KAVGA İLKESEL DEĞİL EKONOMİK
Bu durumu en iyi ABD halkı biliyor: Pandemi dönemindeki başarısızlıklar, sağlık sisteminin çöküşü, kendini ülkenin tek efendisi sayan “beyaz” arazi sahiplerinin azalan gelir kaynakları boynuzun çoktan kırıldığını gösteriyor. Kavganın temel sebebi gelir dağılımındaki adaletsizlikler olduğu kadar, servetini köle ticareti, hırsızlık ve diğer ülkelerin zenginliklerinin üzerine çökmeye borçlu olan ABD ekonomisinin artık bütünüyle tıkanmış olması. Yani “ırkçılık, evangelism, siyonizm” gibi kavramların bu kavgada küçük bir parça dahi yeri yok.
Hararetli geçen seçim dönemindeki kavgaları “küreselci-yerelci” çatışması olarak takdim edenler, İsrail’e ABD tarihinin neredeyse en büyük desteğini veren Trump’ı yerel bir kahraman olarak mı görüyorlar? Ya da soruyu şöyle soralım: “Beyaz öfke” Cumhuriyetçilerin genetik kodlarında var ise, Irak yerle bir edilip, Ebu Garip’te erkeklere dahi tecavüz edildiğinde ABD’nin Dışişleri koltuğunda siyahi Cumhuriyetçi Condoleezza Rice oturmuyor muydu?
Liberal, özgürlükçü, ırkçılık karşıtı olarak takdim edilen Demokratlar döneminde Ortadoğu ve Asya’da kan durdu mu?
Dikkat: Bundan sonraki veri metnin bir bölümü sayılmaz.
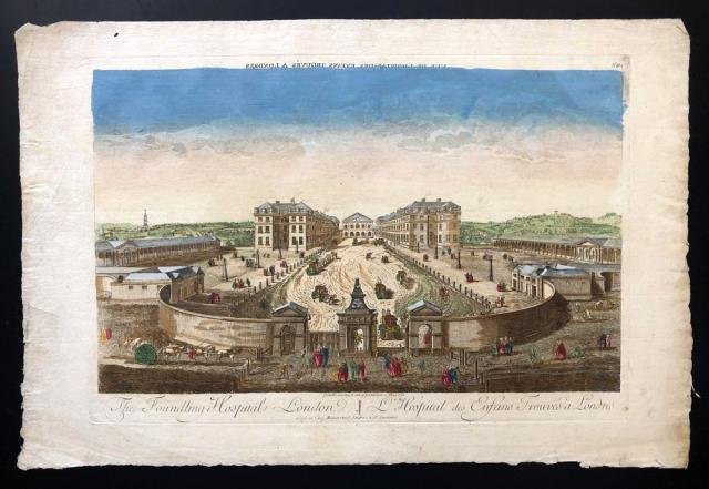 Chez Basset, Paris, May 1756 (in lastra). Incisione in rame all'acquaforte, cm 29 x 43 (alla lastra), 34,5 x 52 8(al foglio). Veduta ottica di pochi successiva alla fondazione del noto orfanotrofio “Foundling Hospital”, fondato a Londra nel 1739 dal capitano di mare e filantropo Thomas Coram. Usuale patina di sporco e imperfezioni ai margini che sono ampi, in vivace coloritura, buono stato di conservazione.

Yoksa siyahi Obama döneminde Afganistan ve Irak’ta daha fazla kan mı döküldü? Hangi iktidar döneminde ABD Ordusu’na daha fazla yatırım yapılmıştır? ABD askerlerini Ortadoğu’dan çekmeye başlayan Trump döneminde mi yoksa Veziristan’ı yerle bir eden Obama döneminde mi?
Gerçek şu ki, ABD siyasetinin şahinleri olarak bilinen Cumhuriyetçilerin alışılageldik reflekslerine karşın Trump, bir tüccar gibi hareket etti: ABD askerini savaştırmak yerine daha az yatırımla kendisine Ortadoğu’da PKK isimli bir mayın eşeği buldu. Bu kavganın ardında kısmen silah ya da ilaç endüstrisinin çıkarlarının olması mümkündür. Fakat bu dahi öfkenin ekonomik olduğunun diğer bir kanıtıdır.
GEZİCİLER DEMOKRAT AMA İNEK ÇOBANLARI TERÖRİST
Biden’ın sadece birkaç saat süren eylem yaptıkları için terörist olarak yaftaladığı binlerce kişi, ABD’nin hem Cumhuriyetçi hem de Demokrat liderlerinin aslında ne kadar iki yüzlü olduğunu ifşa etti. 40 gün boyunca İstanbul’un merkezini işgal eden Gezi çapulcularına “demokrat gösterici” diyenler, Teksas’ın inek çobanlarını bir çırpıda terörist yaptılar. Oysaki mazlumların kanına ekmek banıp yerken birlikteydiler. Bağdat Müzelerinde yağma yapıp, Sümer tabletlerini magnet gibi sırt çantalarında Washington’a taşıdıklarında da beraberdiler.
Tüm bu olan biten karşısında dünya medyası en fazla Türkiye’nin “ABD’deki taraflara yaptığı itidal” çağrısını konuştu. Latin Amerika’dan Türkiye’ye kadar tüm dünyada darbecileri destekleyip, ülkelerin istikrarını bozan ABD’ye ülkemizin yaptığı çağrı o kadar manidardı ki, sadece Batılı sömürgecileri değil, onların borazanlığını yapan FETÖ‘cüleri ve elbette tecavüz çirkinliğini örtmek için takla atan CHP’nin ekran mankenlerini de deliye döndürdü.
ABD’nin boynuzu, tüm çabasına rağmen Guaido‘yu başkan yapamadığında; binlerce tır silahla desteklediği PKK’sını Afrin’de Mehmetçiğin elinden kurtaramadığında; 21 yıl savaştığı Afgan halkı karşısında hezimetini kabul ettiğinde kırılmıştı zaten.
Kongre’yi tıpkı Irak’ta yaptığı gibi yağmalayan Coni, çaldığı Nancy Pelosi’nin kürsüsünü internette satışa çıkardığında bunu sadece resmileştirdi.